= WORK TO COMPLETE =
Only the pictures are to be left out; please reproduce everything else in the data exactly.

━━━ DATA BLOCK ━━━

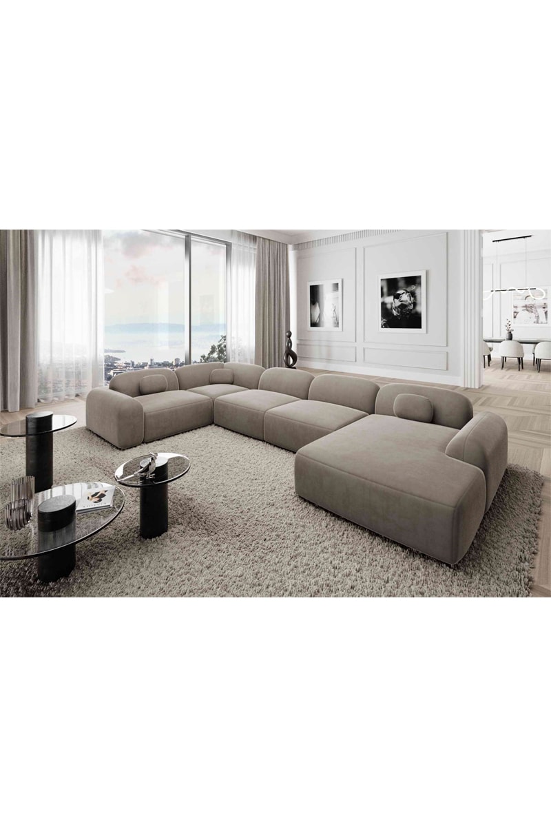 Canapé d'angle gauche panoramique Labucca - Beige foncé - 7 places - En velours
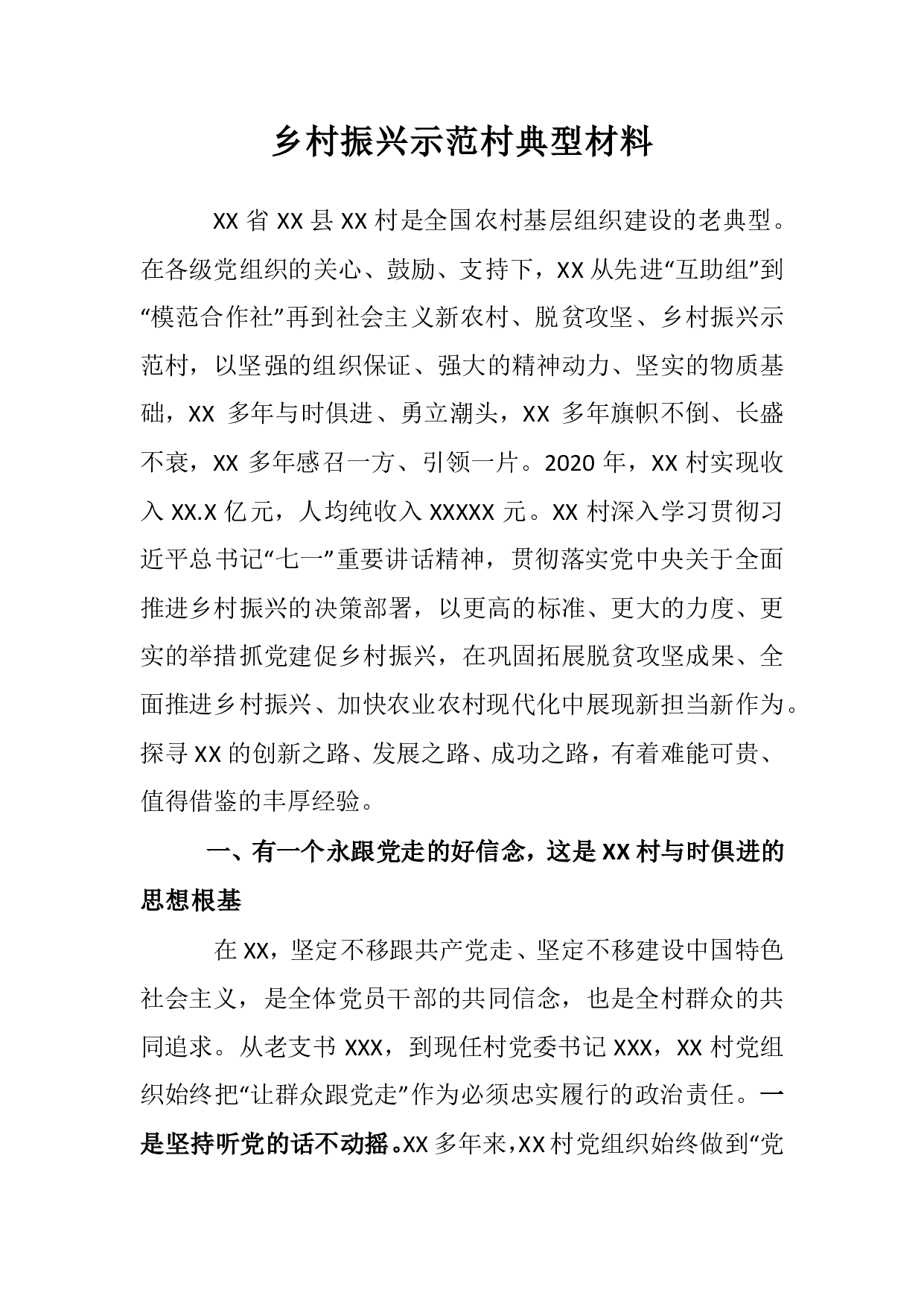 标题:乡村振兴示范村典型材料
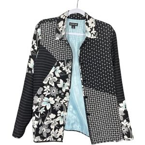 August Max SILK Floral Patchwork Pattern Button Down Lined Blazer Jacket Black Blue White
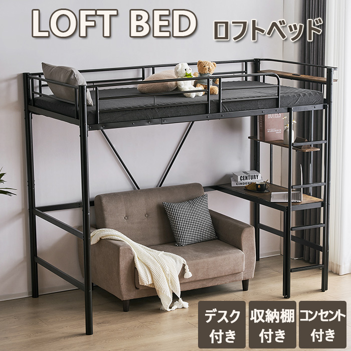 ■ロフトベッド シングル 収納棚付き 北欧風 木目 子供ベッド 大人ベッド 一人暮らし スチール 耐震 ベッド ブラック デスクラック棚 手す

━━━

= ANSWER =
 Canapé d'angle gauche panoramique Labucca - Beige foncé - 7 places - En velours
 标题:乡村振兴示范村典型材料
 August Max SILK Floral Patchwork Pattern Button Down Lined Blazer Jacket Black Blue White
 ■ロフトベッド シングル 収納棚付き 北欧風 木目 子供ベッド 大人ベッド 一人暮らし スチール 耐震 ベッド ブラック デスクラック棚 手す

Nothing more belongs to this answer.